To be sure, there are many complex layers in this debate, but the fact that its happening in live-time has brought out unprecedented protests across the country; blockading railways, harbours, marine transport, and several government offices.

To be clear, I’m not a lawyer nor am I of First Nation’s lineage, so my view on this is just that: an unprofessional opinion.

Make no mistake, the right wing is united on this. They’re rallying behind the law-and-order flag calling the protests illegal and demanding that politicians interfere with police and the enforcement side of things.

They have it wrong too.

Protesting, demonstrating, whatever you want to call it, is a protected right under our constitution. The line crossed between a lawful, peaceful assembly of folks highlighting causes and an illegal act is a determination made by a judge when asked to order an injunction: this is not a right granted to armchair pundits. So stop it.

As it turns out, nothing is clear and obvious about the pipeline proposal and the Wet’suwet’en (re)action.

The quick glance tells us that 20 elected first nations along the proposed route have given their blessing to the project while a handful of hereditary chiefs reject the idea. The 20 elected band councils cover 100% of the region, if we’re keeping score.

It was this simple look that CGL got its permission slip and required permits to begin this pipeline.

Not so fast says the Hereditary Chiefs of the Wet’suwet’en.

Sure enough, digging deeper into this, there are layers of complex court rulings that have given rise to the protests we see today.

The compelling narrative seems to be the lack of consent regarding the proposed route as it drives through sensitive Wet’suwet’en lands and heritage sites. It opens up wounds around the colonial treatment that our First Nations have been treated with.

Competing with this narrative is an environmental one that takes a stand against the 30k job industry in BC. While natural gas as an industry isn’t without challenges or concerns, there’s a problem with the narrative that the Wet’suwet’en are against the CGL pipeline because they’re opposed to the NG industry: its misleading.

You see, consent was implied for a different routing of the pipeline that was eventually ruled out by CGL. It immediately begs a question: if the Wet’suwet’en were so anti-natural gas, why would they suggest an alternative routing of a pipeline that they would have approved of?

Why would the Wet’suwet’en suggest an alternative route for CGL? Because they’re fully aware of the Supreme Court decisions that give them a major role to play here; and to grant them this alternative routing would have been the very kind of reconciliation event that everyone wants to showcase long before it was coined as a popular phrase by politicians.

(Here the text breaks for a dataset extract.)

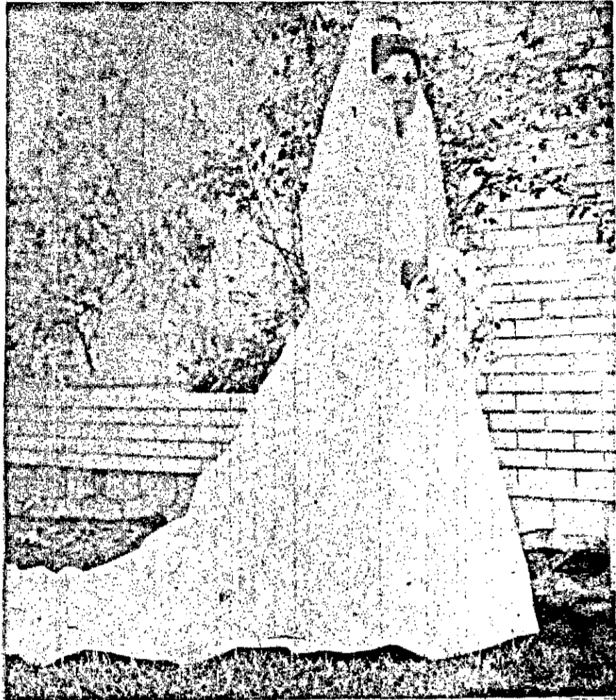
Tereza Cristina foi outra noiva de dezembro das mais belas.

It also proves that the Wet’suwet’en leadership (elected and hereditary) aren’t unreasonable people, they were more than ready to do a deal; that they were plugged into the needs of their peoples.

The CGL Pipeline wasn’t proposed yesterday or last week, this is a multi-year project in its application phase. The decision to approve the CGL Pipeline as is was done in 2014 while Christy Clark was Premier in BC and Stephen Harper was your Prime Minister.

We get to this to this current crisis because of activists of the Wet’suwet’en in setting up road blocks and checkpoints along the access points within their territory that made it impossible for CGL to perform any work on the pipeline sites. As a result, CGL sought out and won court injunctions that required these activists to step aside and allow access by CGL to its work sites. Essentially to let the pipeline project proceed without the consent of the Wet’suwet’en. So this was done, by police, acting with an enforcement order.

That’s when the progressive world exploded.

It is a valid left wing argument to support unionized, family supporting high wage careers in resource development. Jobs that pay very substantial levels of taxes that support public healthcare, education, highways and the social safety net. Jobs that will also directly benefit the various first nations who have been on the suffering end of the economy for generations.

It is also a valid left wing argument to support a continued evolving reconciliation process that empowers first nations to come to full treaty status, gain full equality and shared decision making capacity with the various levels of government that surround us.

It is also valid left wing argument to support the fight against climate change; by requiring the industrial players to do more to mitigate legitimate concerns raised by the climate science community.

The false choice as presented by the big media and the right wing is that the left has to pick one of these avenues; so that they may define “leftists” as one of the above. The truth is that we’re all of the above and this is our test.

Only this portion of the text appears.